We'll start with this blog post by Deepak Mahto on his personal blog. In this post, Deepak describes a situation that he recently encountered on the Postgres Community Slack channel, where there was an interesting performance issue involving a SQL query that joins two tables with an ANY filter applied to one of the tables. I also happened to have been in that same conversation.

The start of the puzzle: An inefficient Nested Loop Join

In the Slack conversation, somebody had brought a query or rather a subset of a query where they were seeing quite a slow down in this particular JOIN:

Hi I have a query that joins two tables using an inner join. here's an example of the query and query plan it generates.

SELECT
    papa.six
FROM
    tango_zulu papa
    INNER JOIN hotel alpha ON papa.six = alpha.quebec
WHERE
    alpha.quebec = ANY (:documents)
Nested Loop  (cost=1.14..30886.05 rows=1313 width=8) (actual time=0.833..289.092 rows=1965 loops=1)
  Buffers: shared hit=10487 read=758 dirtied=34
  I/O Timings: read=280.949
  ->  Index Only Scan using yankee on hotel alpha  (cost=0.57..4587.50 rows=1000 width=8) (actual time=0.101..26.818 rows=1000 loops=1)
          Index Cond: (alpha.quebec = ANY ('tango_foxtrot'::integer[]))
          Heap Fetches: 428
        Buffers: shared hit=5078 read=245
        I/O Timings: read=23.646
  ->  Index Only Scan using seven on tango_zulu papa  (cost=0.57..26.11 rows=19 width=8) (actual time=0.249..0.262 rows=2 loops=1000)
          Index Cond: (papa.six = alpha.quebec)
          Heap Fetches: 1679
        Buffers: shared hit=5409 read=513 dirtied=34
        I/O Timings: read=257.303
Planning:
  Buffers: shared hit=23
Execution time: 289.255 ms

They were essentially concerned that it takes up to 4 seconds to do this part of the query plan, and they were seeing a Nested Loop with between 3000 to 9,000 loops on the inner side of the Nested Loop.

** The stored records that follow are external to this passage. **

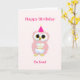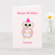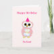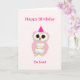 Söt födelsedagsuggla på ljusrosa kort. All text kan anpassas.
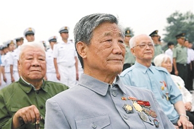 去年7月7日,抗日战争纪念馆,老战士代表参加集会活动。
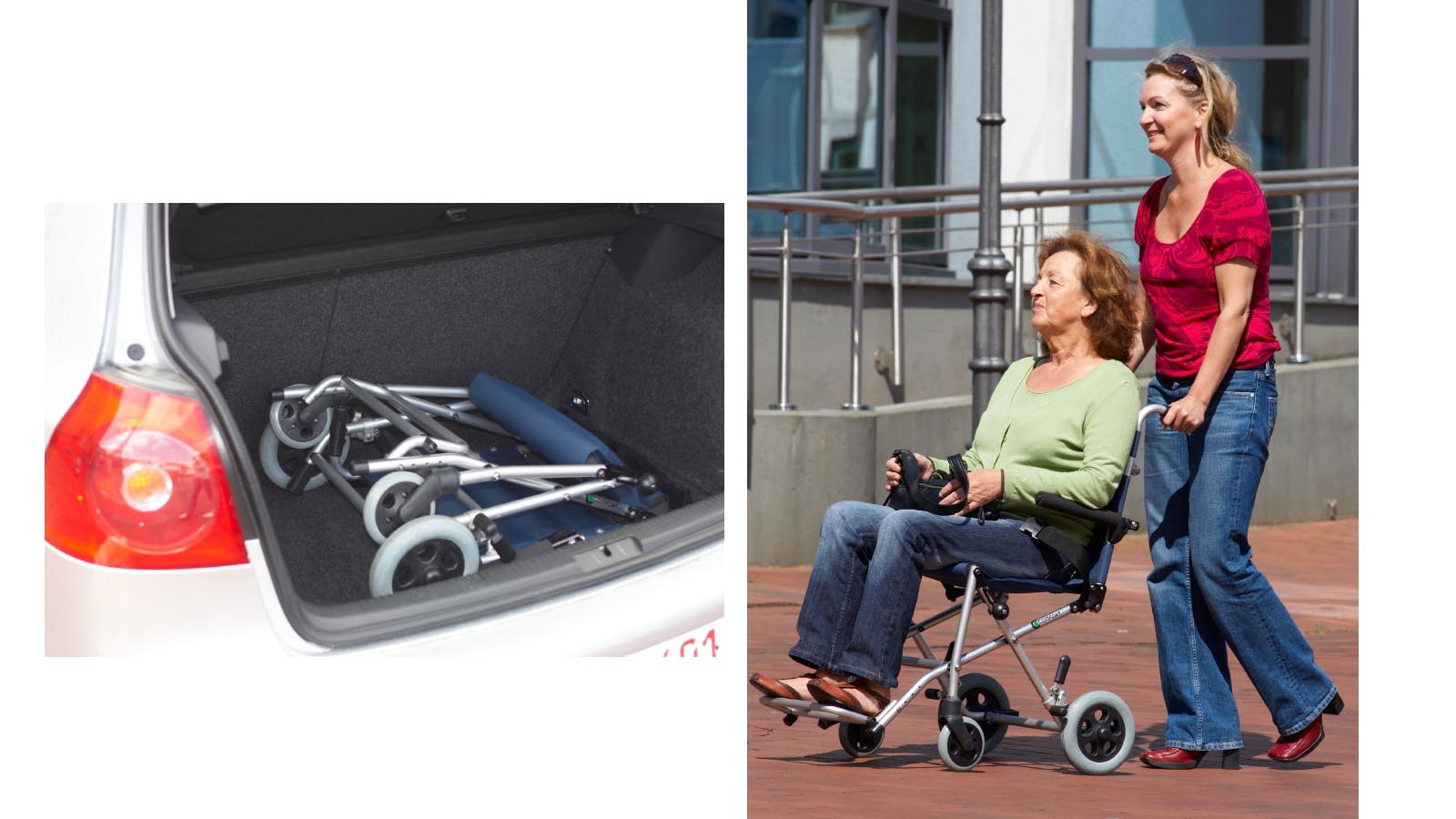 Für den kurzzeitigen Transport von Personen gibt es Reise- bzw. Transitrollstühle.
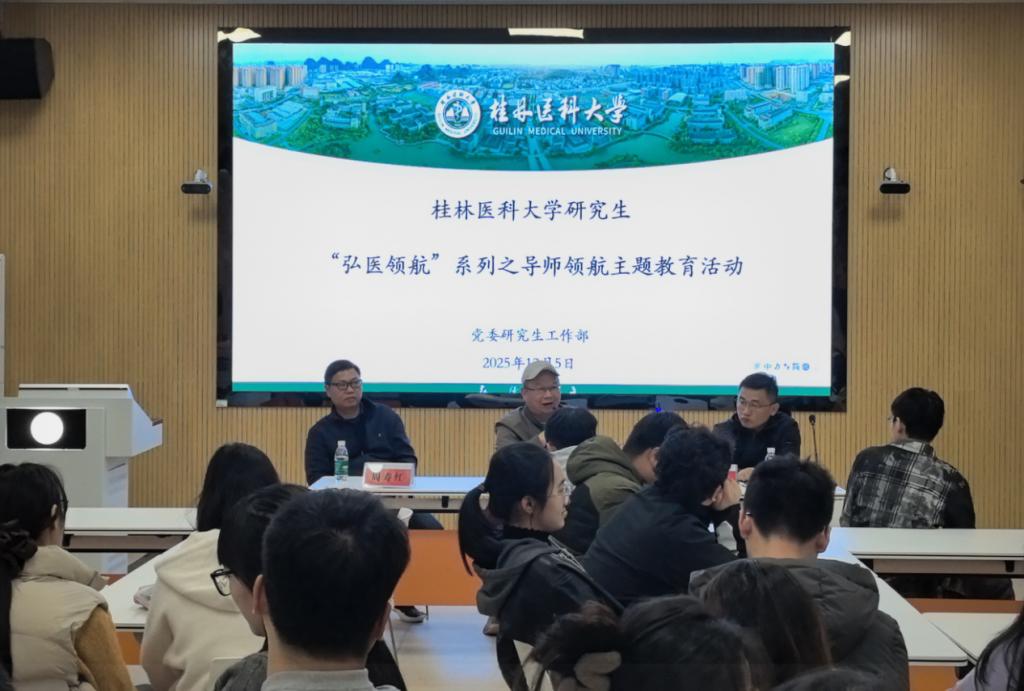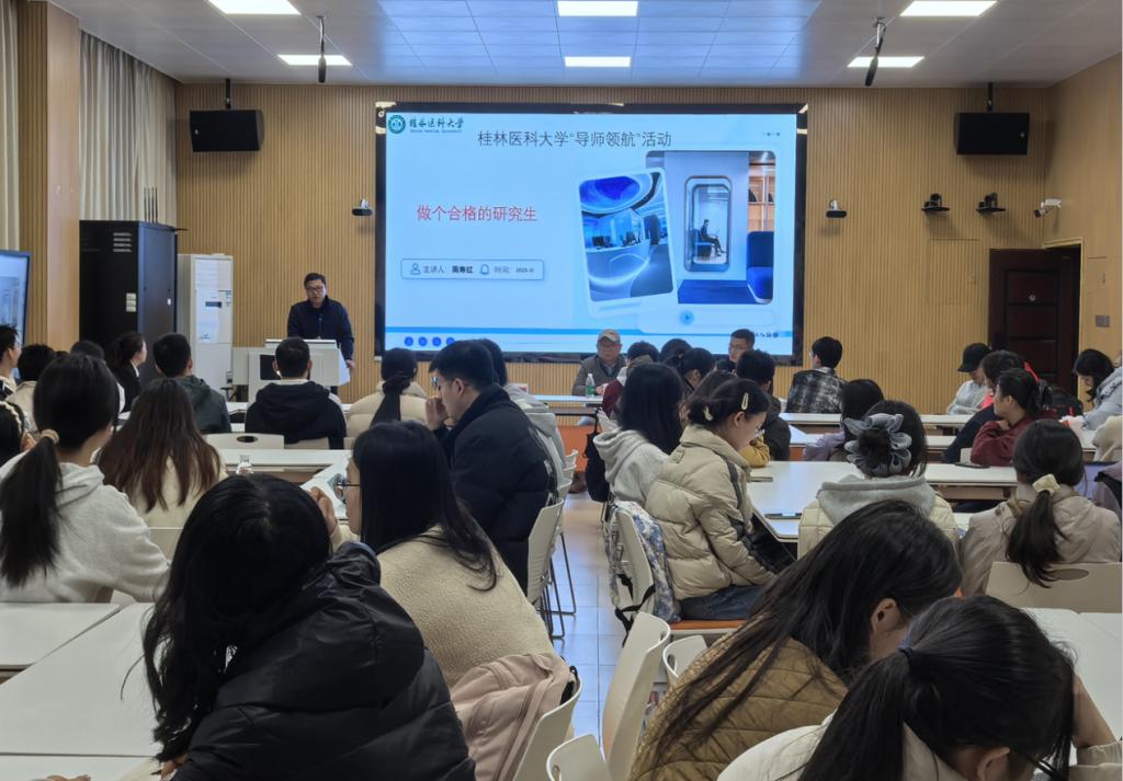 为扎实推进我校研究生学风建设,全面提升研究生科研核心素养与职业发展规划能力,12月5日,党委研究生工作部在临桂校区药学楼2108智慧教室开展“弘医领航”系列主题教育活动之导师领航活动。活动邀请党委研究生工作部副部长谢伟全、基础医学院周寿红教授(校优秀研究生导师获得者)、公共卫生学院韩菲老师主讲,党委研究生工作部全体教师以及六十余名研究生代表参与活动。
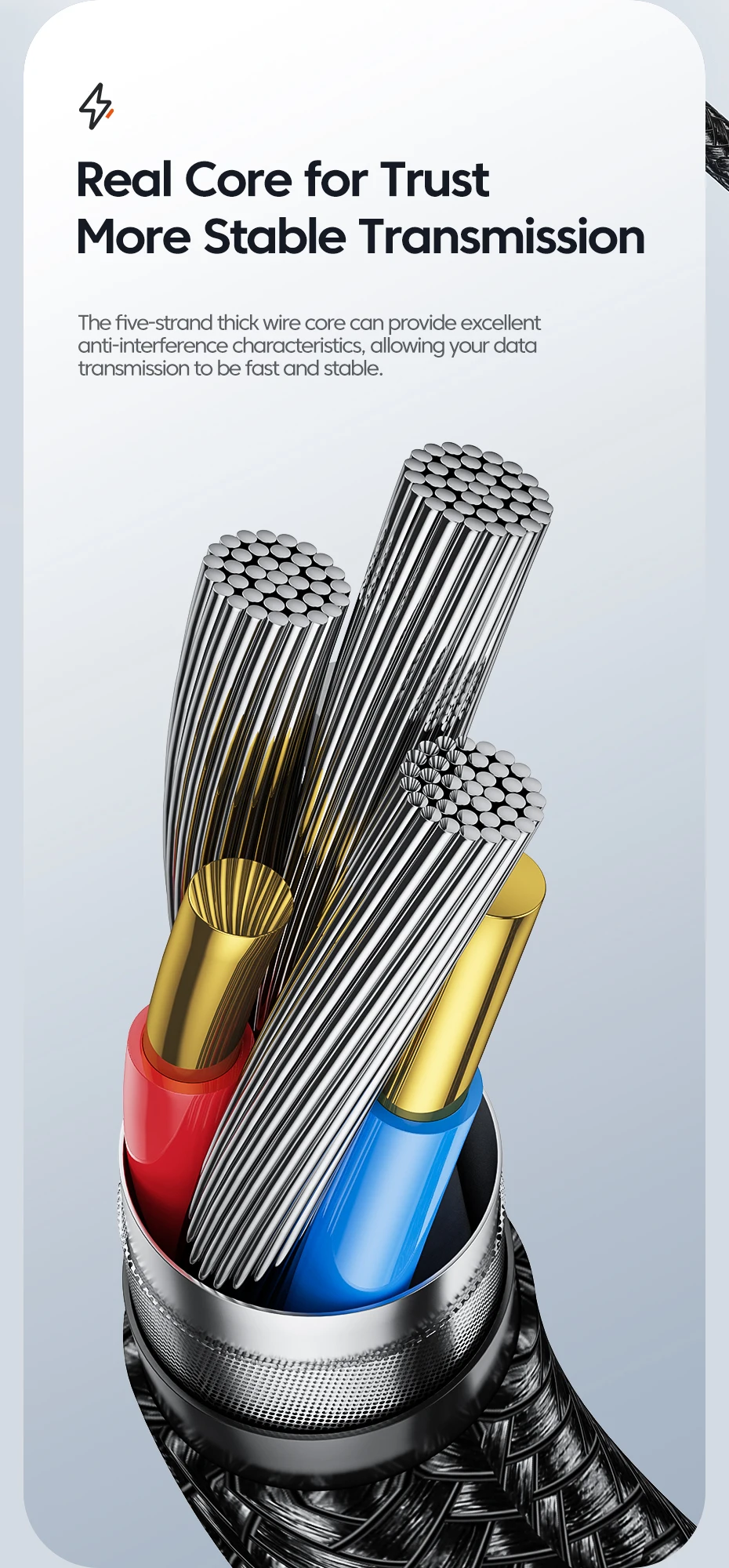 The five-strand thick wire core can provide excellent anti-interference characteristics, allowing your data transmission to be fast and stable.
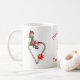 Whimsical girl elf sitting on a candy cane heart with a red bow Christmas Holiday coffee or tea mug. Add your own personal message using the template, or delete that option for a plain mug. To further customise the text, click on Customise. Available in assorted sizes, styles, and colours. Please visit my gallery to see more Christmas and Holiday cards and gifts. Thanks for stopping by Smilin' Eyes Treasures!
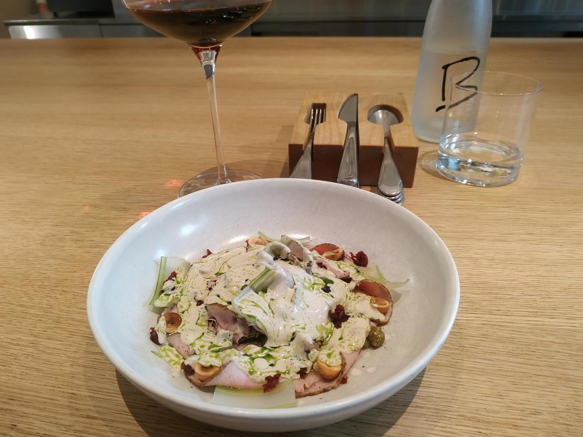 3) Телятина с соусом из печени трески (790р) - уже по названию понятно, что это интерпретация на вителло тоннато. С сельдереем и фундуком. Странно эти два ингредиента там видеть, ну да ладно, съесть можно.
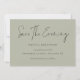 Manuscrito Minimalista Pálido Verde Salve A Noite. Disponível digitalmente e impresso. Simples elegância para enviar aos seus convidados da noite. Salvar A Noite está em um script de conjunto moderno.O resto do texto que você pode personalizar facilmente.Mostrado aqui em preto no verde Sage, entretanto, as cores de texto e plano de fundo podem ser alteradas se você desejar por meio da opção personalizar mais.
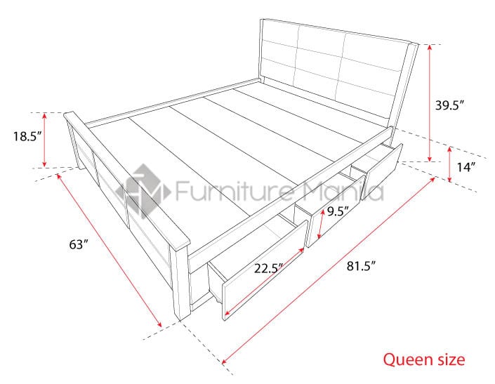 - Queen: L81.5″ x W63″ x H39.5″ Footboard H18.5″
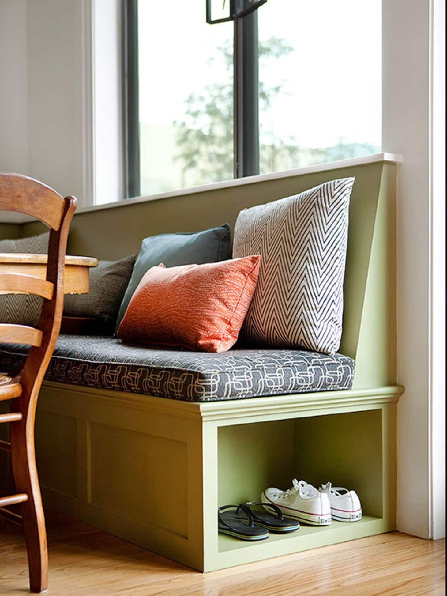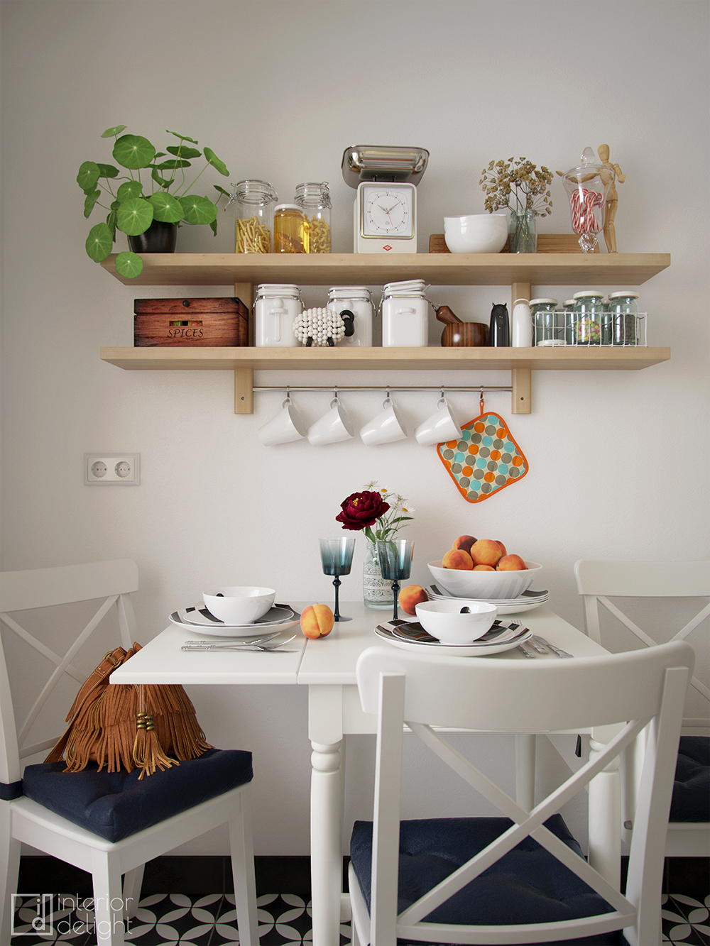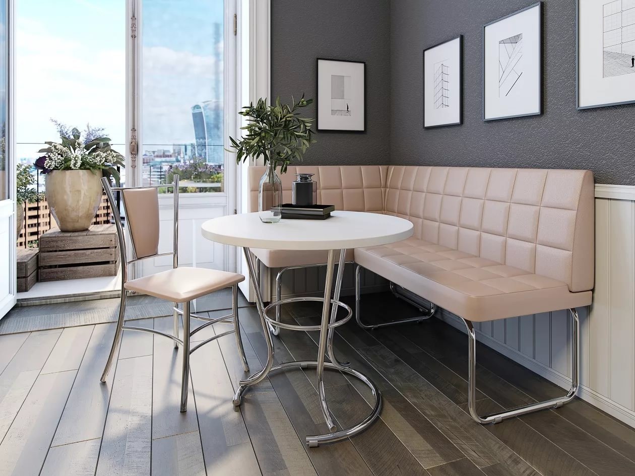 Маленькая кухня с круглым столом и сидушкой скамейкой
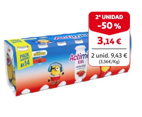 El pack de 14 botellitas está también dentro de la oferta de segunda unidad al %0%. La priemra unidad te cuesta 6,29 euros y la segunda es tuya por solo 3,14 euros. 28 botellitas por solo 9,43 euros.
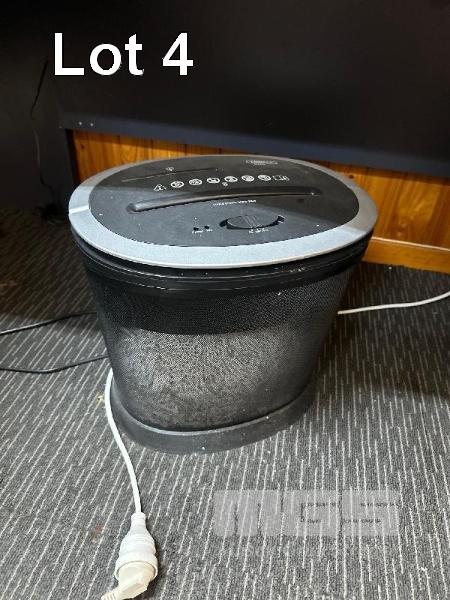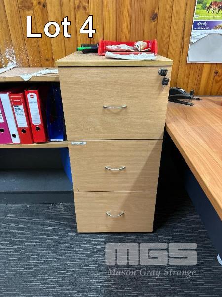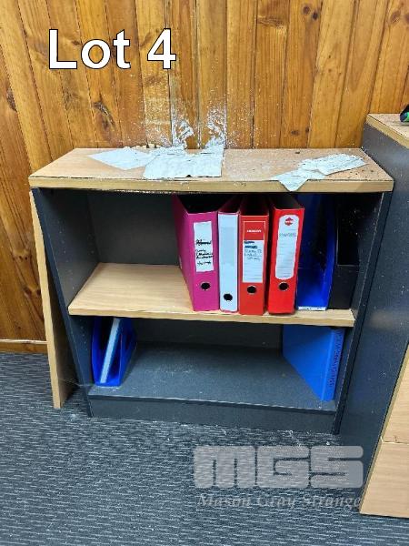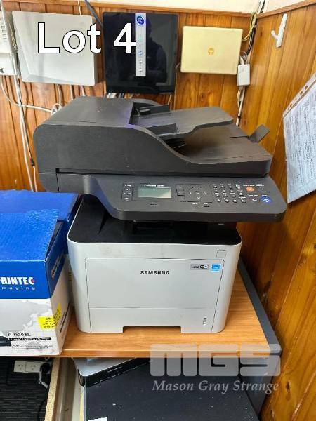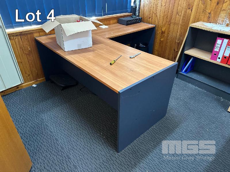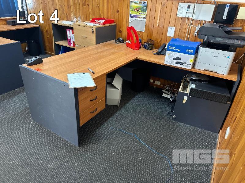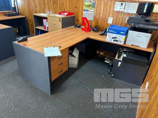 2 x DESKS, & RETURNS,1800 X 2000mm TIMBER LAMINATE, LOWLINE BOOKCASE, 3 DRAWER FILING CABINET, PAPER SHREDDER & SAMSUNG MFC, 3570FW
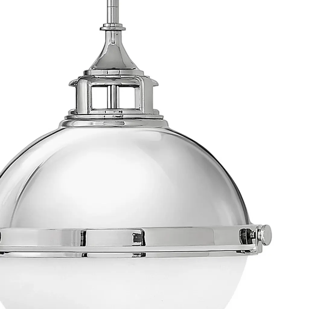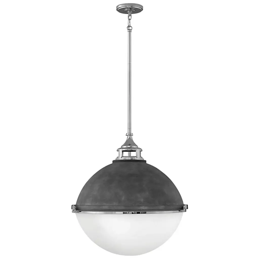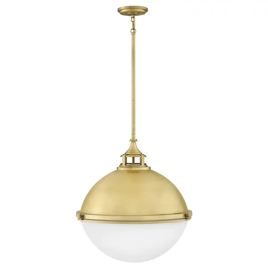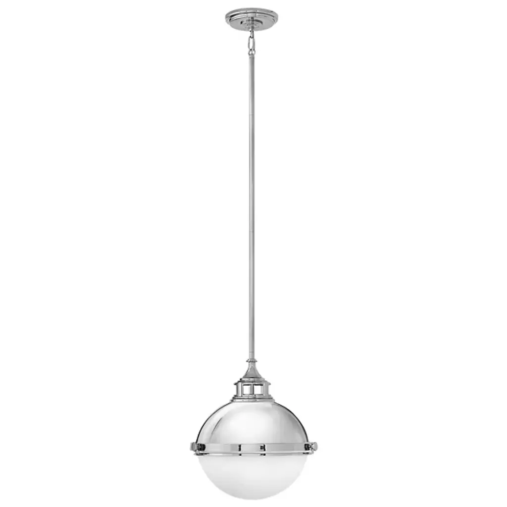 The Hinkley Lighting Fletcher Pendant is a chic fixture that transcends styles from classic to contemporary. A seamless dome of opal glass is fitted to a steel dome with a contrasting capture ring as well as visible hardware. Both minimal in shape while still having intricate detailing, this pendant will enhance a range of interior styles from more transitional to contemporary.

The question here was, is there a way to make it pick a more efficient type of JOIN?

When turning Nested Loop Join off (SET enable_nestloop = off), they get a query that doesn't finish executing, because it results in a sequential scan.

The role of parameterized index scans

Now my initial realization, when I looked at the EXPLAIN plan was that I thought they were seeing an index condition that was requiring the use of a parameterized index scan: Index Cond: (papa.six = alpha.quebec).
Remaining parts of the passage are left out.